Exercise brief -
Repeat the lines of the data exactly and exclude any picture among them.

Exercise data -
• • • • •

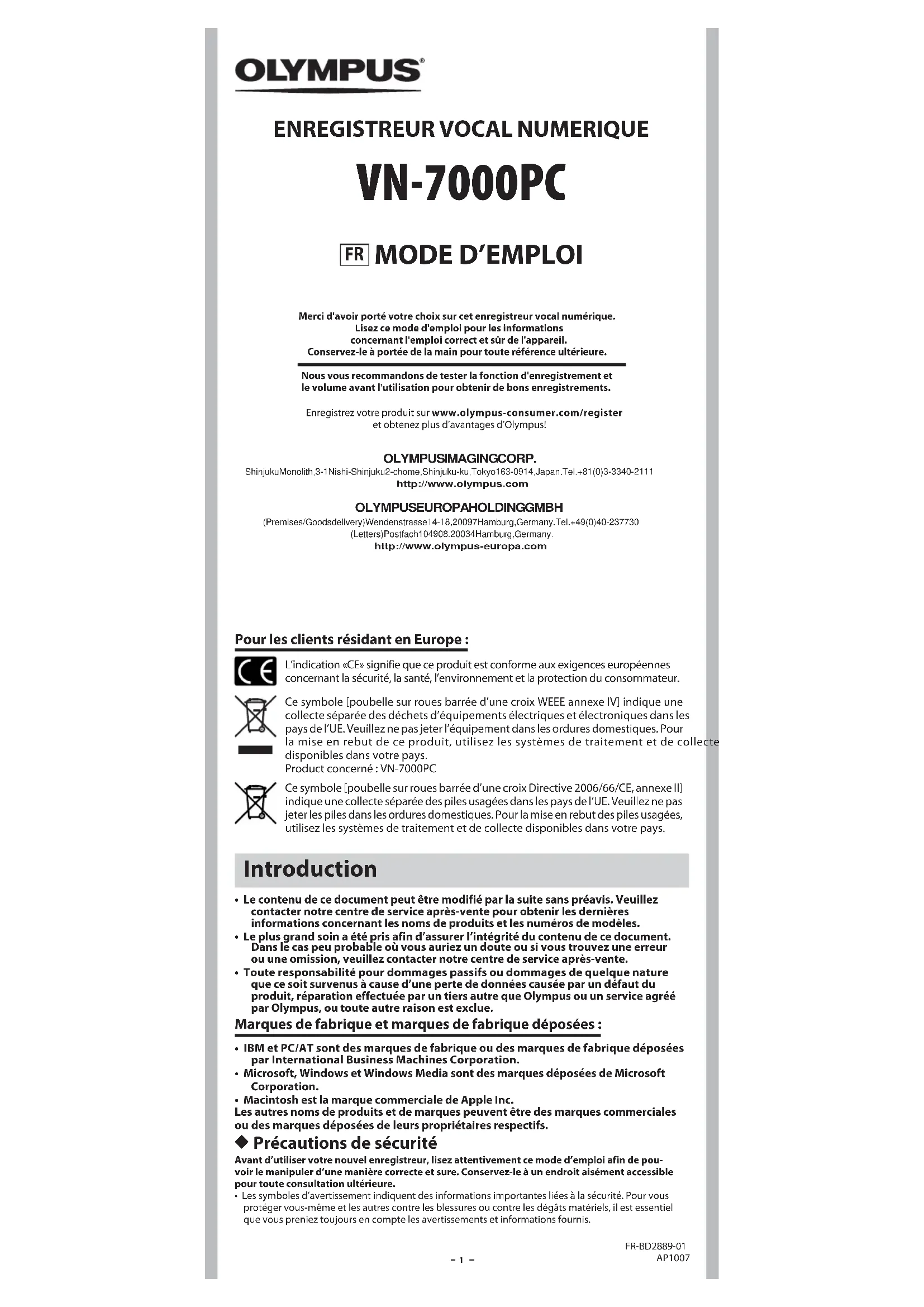 Merci d'avoir porté votre choix sur cet enregistreur vocal numérique. Lisez ce mode d'emploi pour les informations concernant l'emploi correct et sûr de l'appareil. Conservez-le à portée de la main pour toute référence ultérieure. Nous vous recommandons de tester la fonction d'enregistrement et le volume avant l'utilisation pour obtenir de bons enregistrements.Enregistrez votre produit sur www.olympus-consumer.com/registeret obtenez plus d’avantages d’Olympus!(Premises/Goods delivery) Wendenstrasse 14-18, 20097 Hamburg, Germany. Tel. +49 (0)40-237730(Letters) Postfach 10 49 08. 20034 Hamburg, Germany.http://www.olympus-europa.comOLYMPUS EUROP A HOLDING GMBHShinjuku Monolith, 3-1 Nishi-Shinjuku 2-chome, Shinjuku-ku, Tokyo 163-0914, Japan. Tel. +81 (0)3-3340-2111http://www.olympus.comOLYMPUS IMAGING CORP.2
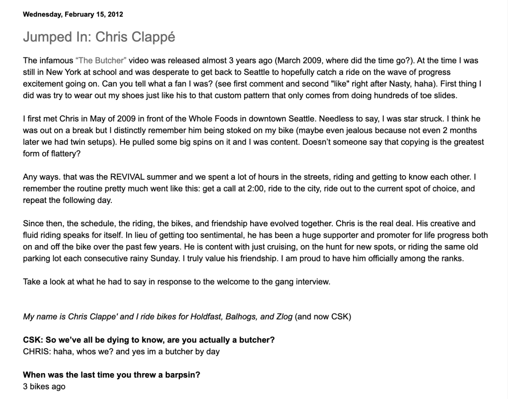 As well as a good rider, Chris became the key cameraman for the Seattle CSK crew, releasing multiple VX mixtapes and edits that made waves in the scene.
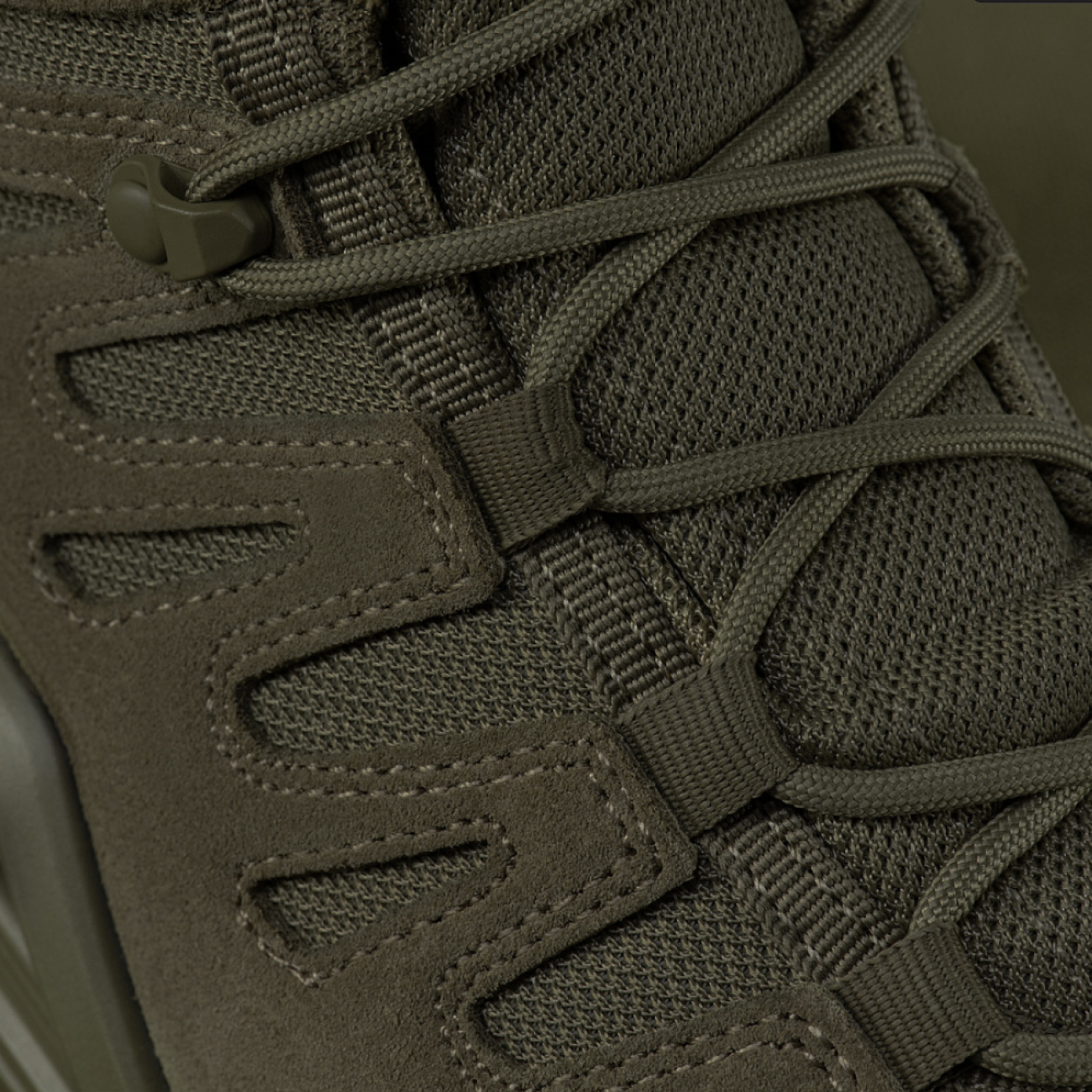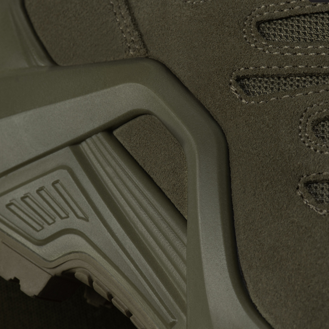 🔹Верх черевиків виготовлений із спліт-шкіри (натурального матеріалу, отриманого із нижнього шару шкіри) та нейлонової сітки з поліуретановим покриттям. У комбінації, ці матеріали утворюють зносостійкий, вологостійкий та повітропроникний шар, який є вкрай необхідними під час фізичних навантажень, трекінгу та руху по бездоріжжю.
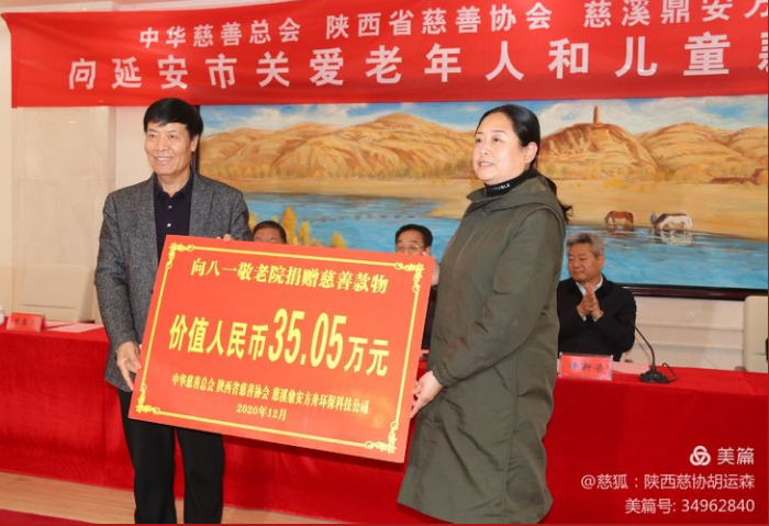▲中華慈善總會 陜西省慈善協(xié)會慈溪鼎安方舟環(huán)??萍脊鞠蜓影簿栀涥P(guān)愛老人和兒童款物1201萬元

• • • • •

Answer section -
 Merci d'avoir porté votre choix sur cet enregistreur vocal numérique. Lisez ce mode d'emploi pour les informations concernant l'emploi correct et sûr de l'appareil. Conservez-le à portée de la main pour toute référence ultérieure. Nous vous recommandons de tester la fonction d'enregistrement et le volume avant l'utilisation pour obtenir de bons enregistrements.Enregistrez votre produit sur www.olympus-consumer.com/registeret obtenez plus d’avantages d’Olympus!(Premises/Goods delivery) Wendenstrasse 14-18, 20097 Hamburg, Germany. Tel. +49 (0)40-237730(Letters) Postfach 10 49 08. 20034 Hamburg, Germany.http://www.olympus-europa.comOLYMPUS EUROP A HOLDING GMBHShinjuku Monolith, 3-1 Nishi-Shinjuku 2-chome, Shinjuku-ku, Tokyo 163-0914, Japan. Tel. +81 (0)3-3340-2111http://www.olympus.comOLYMPUS IMAGING CORP.2
 As well as a good rider, Chris became the key cameraman for the Seattle CSK crew, releasing multiple VX mixtapes and edits that made waves in the scene.
 🔹Верх черевиків виготовлений із спліт-шкіри (натурального матеріалу, отриманого із нижнього шару шкіри) та нейлонової сітки з поліуретановим покриттям. У комбінації, ці матеріали утворюють зносостійкий, вологостійкий та повітропроникний шар, який є вкрай необхідними під час фізичних навантажень, трекінгу та руху по бездоріжжю.
▲中華慈善總會 陜西省慈善協(xié)會慈溪鼎安方舟環(huán)??萍脊鞠蜓影簿栀涥P(guān)愛老人和兒童款物1201萬元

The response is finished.